%%

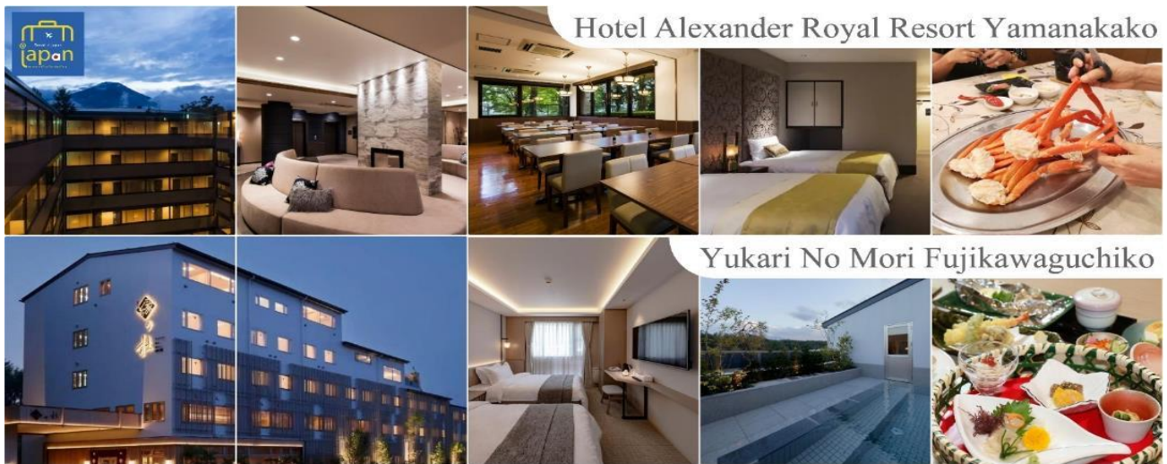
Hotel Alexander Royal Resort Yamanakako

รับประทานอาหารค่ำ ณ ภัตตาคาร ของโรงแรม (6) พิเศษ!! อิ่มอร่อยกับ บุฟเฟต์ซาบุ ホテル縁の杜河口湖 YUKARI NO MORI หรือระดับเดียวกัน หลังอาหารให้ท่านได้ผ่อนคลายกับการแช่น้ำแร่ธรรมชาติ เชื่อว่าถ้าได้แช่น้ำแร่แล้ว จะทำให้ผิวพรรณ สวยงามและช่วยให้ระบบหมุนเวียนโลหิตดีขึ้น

%%
%%

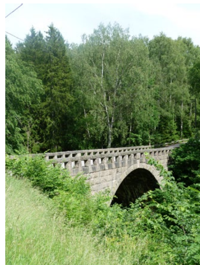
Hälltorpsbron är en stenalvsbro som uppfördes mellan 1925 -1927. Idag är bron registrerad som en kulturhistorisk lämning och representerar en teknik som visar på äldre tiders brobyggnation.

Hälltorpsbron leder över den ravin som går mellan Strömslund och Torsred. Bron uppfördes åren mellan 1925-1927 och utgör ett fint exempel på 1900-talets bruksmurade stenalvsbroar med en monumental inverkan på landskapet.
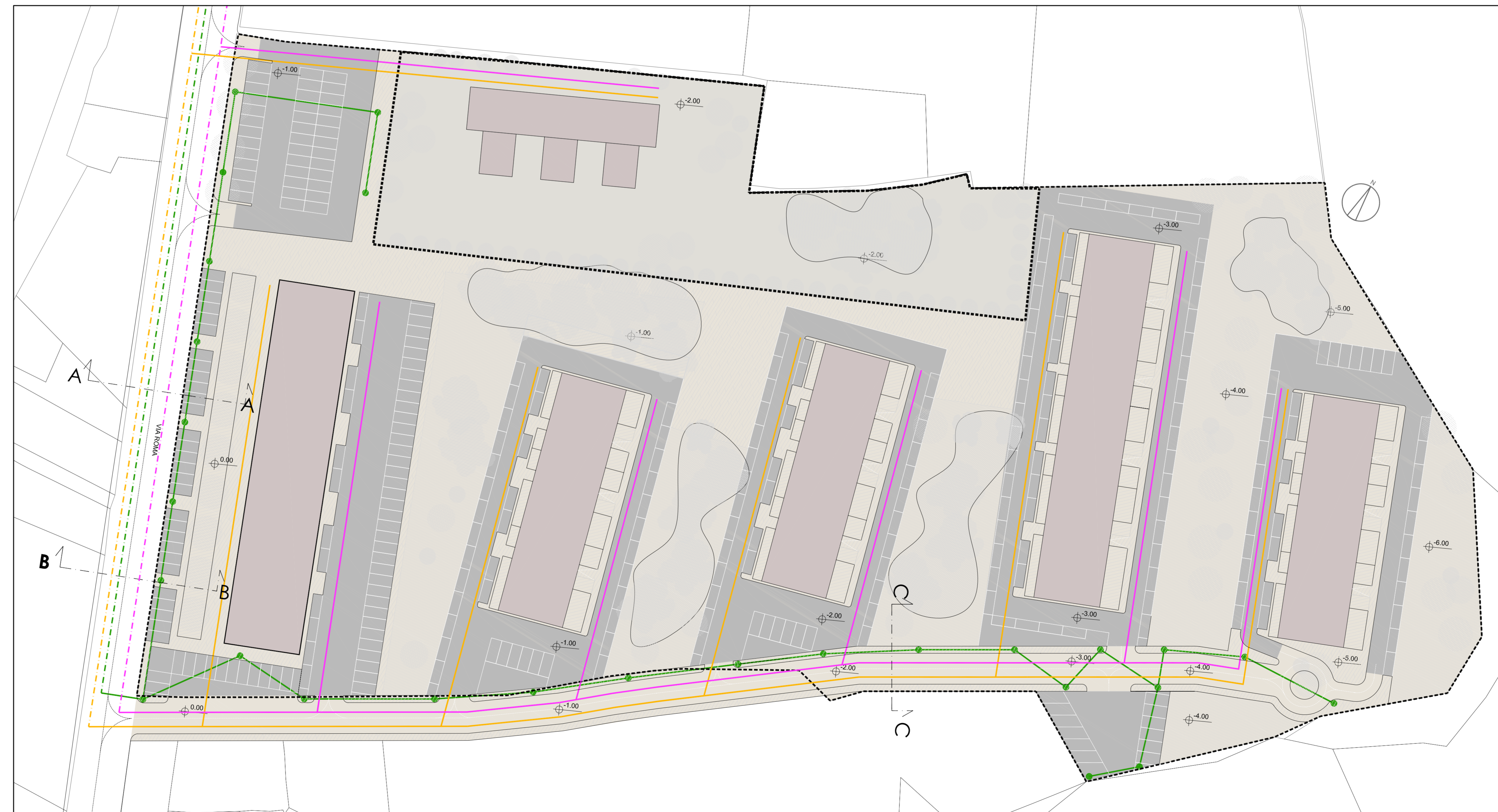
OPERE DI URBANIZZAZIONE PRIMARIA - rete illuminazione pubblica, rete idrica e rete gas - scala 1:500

%%

### Problem to solve
Exact repeat of the material above: every line from the one with "Hälltorpsbron leder över" through the one with "OPERE DI URBANIZZAZIONE", endpoints included, and nothing more. No pictures.

### Answer
Hälltorpsbron leder över den ravin som går mellan Strömslund och Torsred. Bron uppfördes åren mellan 1925-1927 och utgör ett fint exempel på 1900-talets bruksmurade stenalvsbroar med en monumental inverkan på landskapet.
OPERE DI URBANIZZAZIONE PRIMARIA - rete illuminazione pubblica, rete idrica e rete gas - scala 1:500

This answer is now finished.